较高的“噪波偏移”值(0.3-0.5)会引入颗粒和混乱,模仿VHS/Polaroid纹理并添加模拟风格的瑕疵。较低的值(0.05-0.1)可保持清晰度并保留较精细的纹理,而不会出现不必要的扭曲。
4.7 Network Alpha 网络α
Higher Network Alpha values (16–32) amplify LoRA influence even at low strengths, often overpowering realism with more aggressive stylistic imprints. Lower values (4–8) require higher LoRA strengths to manifest noticeable effects but maintain a more subtle impact on realism.
较高的网络Alpha值(16-32)即使在低强度下也会放大LoRA的影响力,通常会以更具侵略性的风格印记压倒现实主义。较低的值(4-8)需要较高的LoRA强度来表现出明显的效果,但对真实感的影响更微妙。
4.8 Optimizers
AdamW8Bit provides predictable, controlled results, making it ideal for structured LoRA applications. Prodigy forces stronger stylization effects, leading to more chaotic analog textures and unpredictable outputs.
AdamW8Bit提供可预测、可控的结果,是结构化LoRA应用的理想选择。Prodigy强制更强的风格化效果,导致更混乱的模拟纹理和不可预测的输出。
4.9 Learning Rate Scheduler Number Cycles 学习率循环次数
Higher LR Scheduler cycles introduce extreme variation between epochs, allowing for more diverse stylistic shifts throughout training. Lower cycle values maintain a more consistent stylization across training steps.
更高的LR训练周期在不同时期之间引入了极端的变化,允许在整个训练过程中进行更多样化的风格转换。较低的循环值在训练步骤中保持更一致的风格化。
5. Practical Applications of Parameters 参数的实际应用
5.1 Artifacts & Clarity 人工制品和清晰度
Higher Noise Offset values increase grain, texture, and chaotic variation. Min SNR Gamma improves clarity and sharpness in outputs. Higher Clip Skip values can reduce artifacts but may also lower overall clarity.
较高的“噪波偏移”值会增加颗粒、纹理和混乱变化。最小SNR Gamma可提高输出的清晰度和锐度。较高的“剪辑跳过”值可以减少瑕疵,但也可能降低整体清晰度。

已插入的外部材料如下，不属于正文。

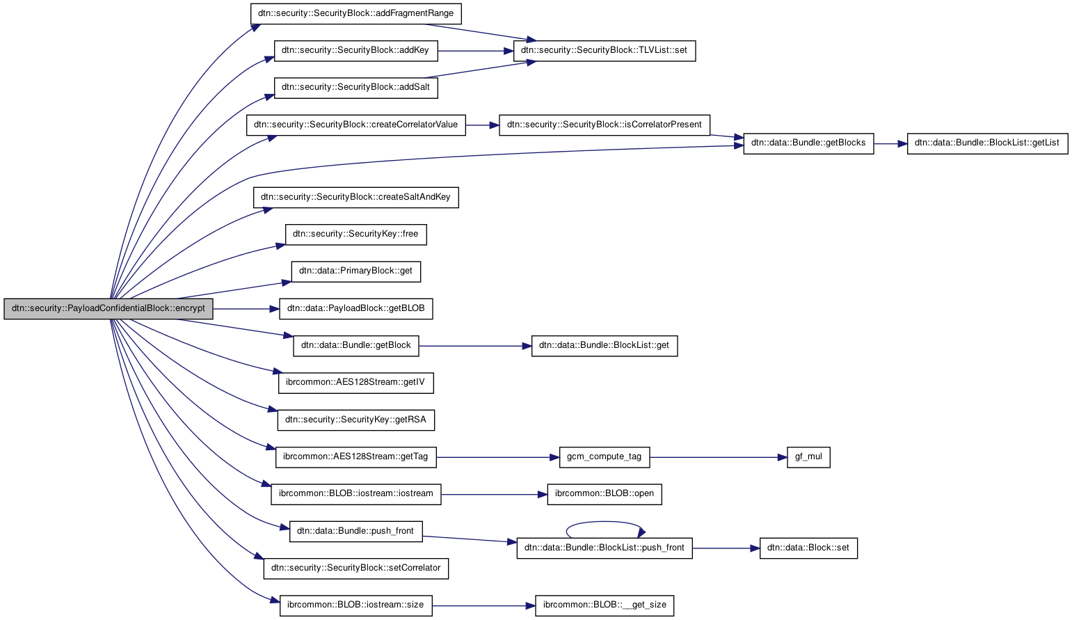 The PayloadConfidentialBlock encrypts the payload, PayloadConfidentialBlocks, which are already there and PayloadIntegrityBlocks, which are already there. Payload Confidential or Integrity Blocks are encrypted because they can contain e.g. signatures which make guessing the plaintext easier. You can instantiate a factory, which will take care of everything. The factory can be given a rsa key and the corresponding node. You may wish to add more keys using addDestination(), so one or more nodes are able to recover the payload. For each destination a PayloadConfidentialBlock is placed in the bundle, when calling encrypt(). Be sure, that no other PayloadConfidentialBlocks or PayloadIntegrityBlocks are inside this bundle if using encryption with more than one key.

5.2 Realism vs. Cartoon Spectrum Shift 现实主义vs.卡通光谱转移
Higher Clip Skip values push results toward photorealism, while lower values make images more stylized and painterly. Higher Unet LR values soften outputs with artistic distortions. Lower Noise Offset values produce cleaner images, while higher values introduce a gritty, film-like look.
较高的“剪辑跳过”值会使结果更接近照片级真实感,而较低的值会使图像更具有风格化和绘画感。较高的Unet LR值会软化带有艺术失真的输出。较低的“噪波偏移”值会产生更清晰的图像,而较高的值会产生粗糙的胶片外观。
5.3 Seed Consistency & Unpredictability 种子一致性和不可预测性
“Cosine with restarts” LR Scheduler creates controlled unpredictability across generations. The Prodigy optimizer decreases consistency, increasing variation in outputs. Higher Unet LR values decrease seed consistency, leading to less predictable outputs. Lower Network Alpha values stabilize seed predictability by reducing LoRA dominance.
“重启余弦”LR迭代法创造了跨代的可控不可预测性。Prodigy优化器降低了一致性,增加了输出的变化。更高的Unet LR值会降低种子一致性,导致更不可预测的输出。较低的网络Alpha值通过降低LoRA优势来稳定种子的可预测性。
5.4 Overfitting vs. Generalization 过度拟合与泛化
Higher Network Dimension values encourage overfitting, reducing flexibility in LoRA adaptation. Higher Unet LR values can cause over-memorization, leading to less variability. Higher Clip Skip values can improve generalization, allowing models to extract broader stylistic features rather than overfitting to specifics.
更高的网络维度值会鼓励过度拟合,降低LoRA适应的灵活性。较高的Unet LR值可能会导致记忆过度,从而导致可变性降低。较高的“剪辑跳过”值可以改善泛化,允许模型提取更广泛的风格特征,而不是过度拟合细节。
5.5 Parameter Sensitivity (How Small Changes Impact Outputs) 参数敏感度(微小变化如何影响输出)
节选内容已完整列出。